Expensify: The Corporate Card For The Rest Of Us

Business expense accounts may sound glamorous, but for most frequent travelers they’re more of a hassle than anything. Sure, there’s always the novelty of being able to go out to to dinner on the company’s dime, but this wears thin after a few days of stuffing your wallet full of receipts.

Expensify, the startup that took second place at TC50’s DemoPit, is hoping to ameliorate these issues as much as possible by keeping track of your expenses for you. CEO David Barrett says that while solutions exist for the top 3% of businesses – namely large companies with hundreds or thousands of employees – the remaining 25 million American businesses are left to fend for themselves with paper receipts and annoying Excel spreadsheets. The site launched this week, and is offering the service for free (you won’t have to pay its 3% surcharge) to the first 1000 users who sign up here.

To use Expensify, you first sign up for an “electronic payment card” – essentially an Expensify-branded MasterCard that is linked to your original credit card. This electronic payment card is acting as a middle man, tabulating all of your purchases on the road and immediately charging your original credit card for whatever you spent (you don’t lose out on your frequent flier miles, and you don’t get an extra monthly bill).

Expensify allows you to submit photographs of your receipts as you get them, which are automatically attached to the corresponding purchase in your account history (assuming your business will accept a photo in lieu of the physical receipt).
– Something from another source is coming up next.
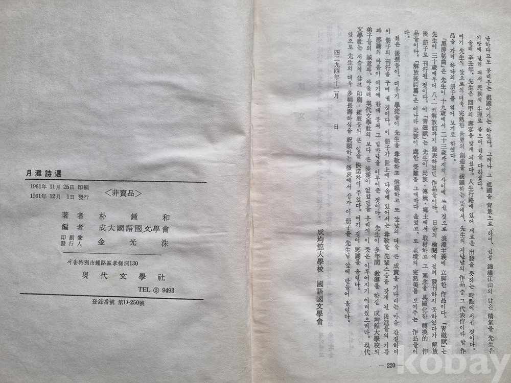 회갑 기념 한정본: 1901년생인 박종화 선생의 회갑(1961년)을 맞이하여 제자들이 헌정하는 형식으로 만든 시집입니다.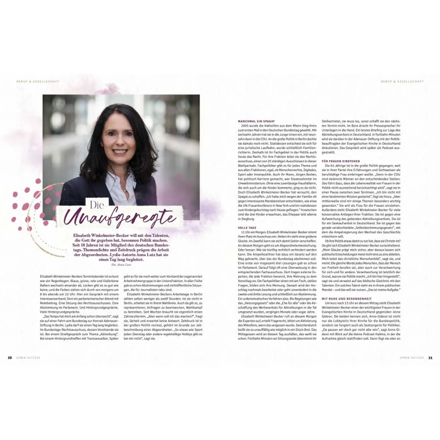 In der letzten Zeit wurde auch das Layout verjüngt und mehr Themen an junge Frauen gerichtet, so dass die Lydia insgesamt sehr ansprechend ist.

You can submit photos using either a native iPhone application or using a dedicated Email address from any camera phone.

After logging onto Expensify’s website, you can browse through your purchases, categorizing and labeling them for future reference. Once the trip is concluded, the site will use this list to generate a PDF list of expenses for your company, which can optionally be emailed, imported into Excel, or printed. If you choose to submit the record online, your manager will have the option of paying for your expenses immediately using a credit card or bank information, and Expensify will reimburse your original credit card immediately.

To generate revenue, Expensify tacks on a 3% surcharge to all items purchased with the electronic payment card. This sounds a little steep to me for what it does – you’re still required to photograph your receipts, and the online interface isn’t that much better than the ones seen on most banking websites. But Barrett says that the service easily pays for itself by saving hours of times lost tabulating these expenses, and the site already has a number of customers chomping at the bit. This is a huge market, provided Expensify can find the ideal price point and can convince users to add yet one more card to their wallets.

Another service in the receipt/expense account space is Shoeboxed, which scans in any receipts its users submit through snail-mail for easy management online.